Short-term follow-up
Postsurgical follow-up is vital and independent of metastatic and recurrency potential, as it evaluates the extent of resection. Alongside clinical evaluation, 2 MN, NMN, and 3-MT measurements should be carried out 2–6 weeks postoperatively and compared to baseline values established preoperatively. 3 Measurements in the normal range after surgery suggest resection and no imaging is needed for confirmation. 117 Values below the RI are to be expected when unilateral or bilateral adrenalectomy has been carried out alongside oncotomy. 63 In cases of elevated free metabolites postoperatively or silent tumors preoperatively, anatomical imaging should be considered after 3–6 months. If levels were established preoperatively, biochemically silent tumors can also benefit from pCGA comparison. 2
Long-term follow-up
Guidelines suggest a follow-up of at least 10 years, not 5 years, postoperatively.2,3,155 For intermediate or high-risk patients, counseling on life-long follow-up should be offered, especially in young subjects with germline mutations. 155 Recommendations are summarized in Table 4. As aforementioned, NETest has shown promising efficacy in the early detection of recurrence or metastasis and should be incorporated into follow-up when feasible 79 (see Additional Testing, Future Directions).

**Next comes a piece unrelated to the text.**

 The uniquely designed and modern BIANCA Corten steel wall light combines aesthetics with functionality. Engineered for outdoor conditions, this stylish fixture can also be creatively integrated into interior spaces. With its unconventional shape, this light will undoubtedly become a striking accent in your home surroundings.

Long-term follow-up recommendations based on risk status.
NF1, MAX, TMEM127, and RET.
SDHAF2, SDHC, SDHD, and VHL mutations.
Cluster 1: skull-base to pelvis MRI, contrast-enhanced pulmonary CT Cluster 2: MRIAP. Functional imaging optional.
extensive size/necrosis, high Ki67, and invasion of vasculature and lymphatics: every 6–12 months.

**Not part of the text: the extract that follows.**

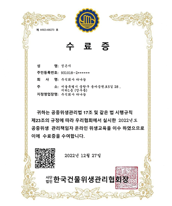 °Ç¹°À§»ý°ü¸®¾÷Á÷Á¢»ý»êÈ®ÀÎÁõ¸í¼

Surveillance screening is indicated in patients with established germline mutations in one of the susceptibility genes, proven or suspected genetic syndromes that feature PPGL, and patients with previous PPGL history (Table 5). 2
Screening recommendations for asymptomatic patients adopted from4.
Skull base to pelvis.
No consensus in alternating between MRI/PET-CT.
Specific intervals ultimately determined by the genotype.
Families of patients diagnosed with germline mutation-induced PPGL can benefit from genetic screening. 2 The minimum age for genetic screening depends highly on the susceptibility gene targeted. Evidence is controversial and no board or multidisciplinary consensus has been reached for SDHx mutations, due to their unique genetic profile (Table 1). The currently suggested minimum age for genetic screening is 5 years in SDHB mutations and 10 years in other SDHx mutations.2,156 Family members undergoing screening for VHL mutations should start at a minimum age of 5 years. 157
Future directions
PPGL knowledge has progressed massively through the last few decades, challenging some misconceptions and improving clinical practice and outcomes. To the best of our knowledge, 48 clinical trials regarding PPGL are active and reported in ClinicalTrials.gov. Of these, six are active but not recruiting, three are not yet recruiting, and six have no status registered. The rest are recruiting patients, with one study recruiting by invitation. Only one study has published results, but they are preliminary.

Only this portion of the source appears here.